— EXERCISE DIRECTIONS —
In the copy of the lines below, leave out pictures and print everything else exactly.

— PROVIDED MATERIAL —
---------------

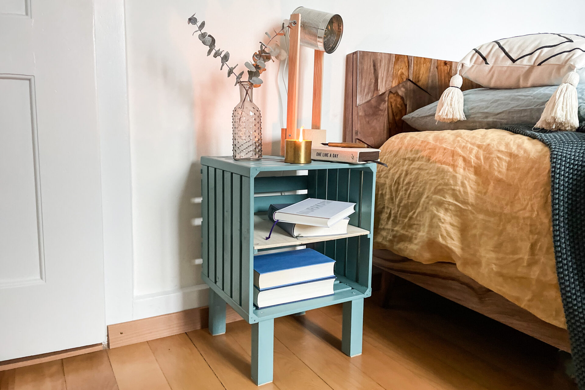 Wir haben für unseren Nachttisch einen Holzharass umgestaltet, ihm Beine sowie einen Zwischenboden verpasst und in unserer Lieblingsfarbe gestrichen. Er dienst als nützliche Ablagefläche für Bücher oder Deko und hat dennoch genügend Platz für eine Leselampe.
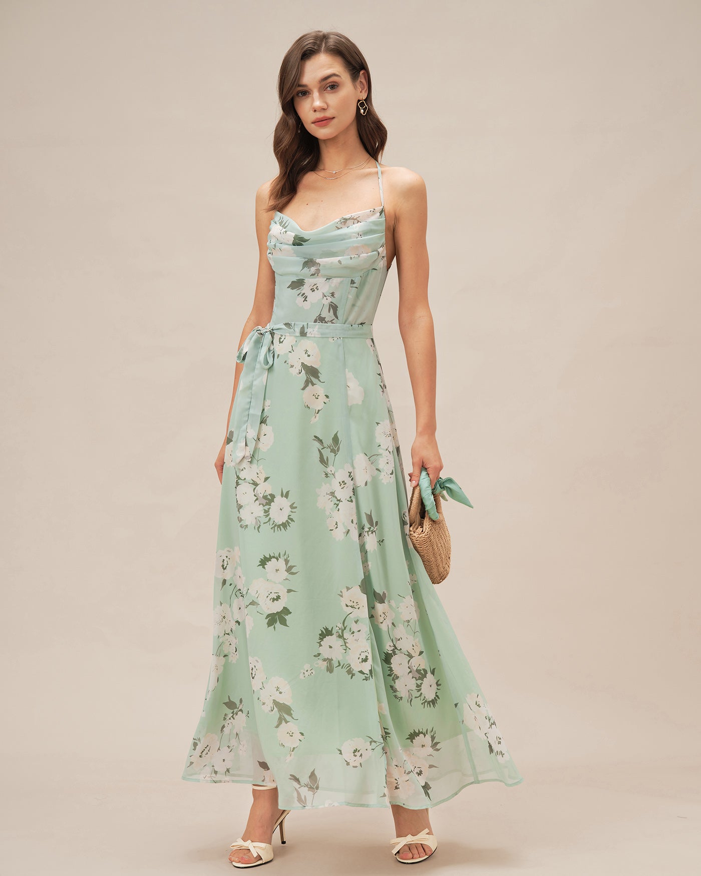 Green Cowl Neck Floral Maxi Dress
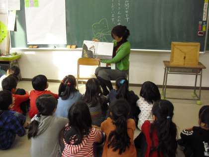 今朝の読み聞かせの様子です。今日もたくさんの保護者の方々が読み聞かせのボランティアに来てくれました。子どもたちは集中して聞いています。読み聞かせの効果は様々ですが、「聞く」経験が多い子どもは、「人の話を聞くことができる」「聞いてイメージすることができる」力を身に付けていきます。それだけでなく、聞くことで語彙が増え、「話す」「読む」「書く」力も伸びるといわれています。

---------------

— SOLUTION FOR THIS PROBLEM —
 Wir haben für unseren Nachttisch einen Holzharass umgestaltet, ihm Beine sowie einen Zwischenboden verpasst und in unserer Lieblingsfarbe gestrichen. Er dienst als nützliche Ablagefläche für Bücher oder Deko und hat dennoch genügend Platz für eine Leselampe.
 Green Cowl Neck Floral Maxi Dress
 今朝の読み聞かせの様子です。今日もたくさんの保護者の方々が読み聞かせのボランティアに来てくれました。子どもたちは集中して聞いています。読み聞かせの効果は様々ですが、「聞く」経験が多い子どもは、「人の話を聞くことができる」「聞いてイメージすることができる」力を身に付けていきます。それだけでなく、聞くことで語彙が増え、「話す」「読む」「書く」力も伸びるといわれています。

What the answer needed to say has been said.